The Disadvantages of Composting
Even though there are some great advantages to composting, the practice does have some drawbacks too. Here are a few of the disadvantages of composting you may run across while getting your compost pile or bin started:
- Associated costs: Even though composting can be relatively affordable, it does increase a household’s cost to get set up for composting. You’ll need some basic tools to get started, such as a composting bin and a rake to turn the compost. Some composting bins can be quite expensive, while others can be constructed more cheaply at home.
- Composting takes time: Compared to going to a gardening outlet and buying a bag of chemical fertilizer, creating your own quality compost takes at least three months to mature, depending on the size of your compost, the ambient temperatures, and the contents of the compost itself. (Source: Gardeners Supply Company)
- Composting can cause smells and take up space: Composting shouldn’t smell that bad if your ratio of dry composting materials to wet composting materials is correct and you haven’t added things like meat. However, it can still have an odor of decaying material, especially in summer heat. You’ll also need space for a composting area.
- Diseased plants may spread infection: If you pull blighted or diseased plants out of your vegetable garden, you can’t put them in the compost without the risk of spreading soil-borne pathogens to any plants that are dressed with the compost. You’ll also have to be careful not to place pulled weeds in the compost pile to avoid multiplying them.
- Composting takes work: Even though there isn’t a whole lot of work associated with composting, it does still take time and effort to get started and to separate out compost-friendly materials in your food waste.
The disadvantages of composting are mostly matters of minor inconvenience.

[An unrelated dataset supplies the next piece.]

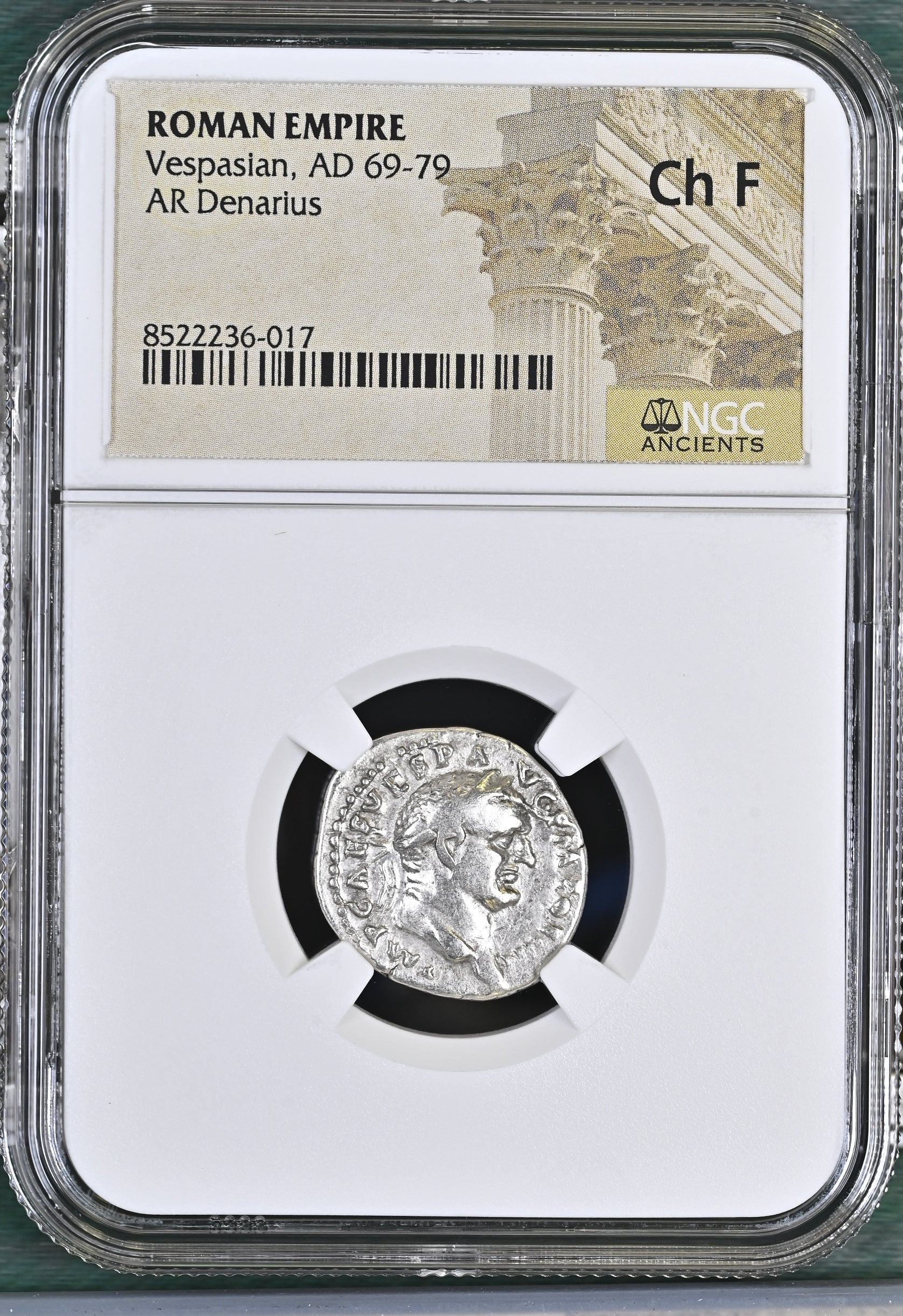 Roman Empire - Vespasian - Silver Denarius - NGC Ch F

The benefits you can get from starting a composting practice are well worth the trouble you put in. All it takes is investing in a composting bin and a few extra minutes of sorting in the kitchen.
Composting Is Great for Gardeners
If you’re interested in having a beautiful landscape around your home and gardens or in generating some excellent potting soil for your container plants, you owe it to yourself to start a compost bin or pile. While there are some minor cons associated with composting, these are far outweighed by the pros you can gain by trying it.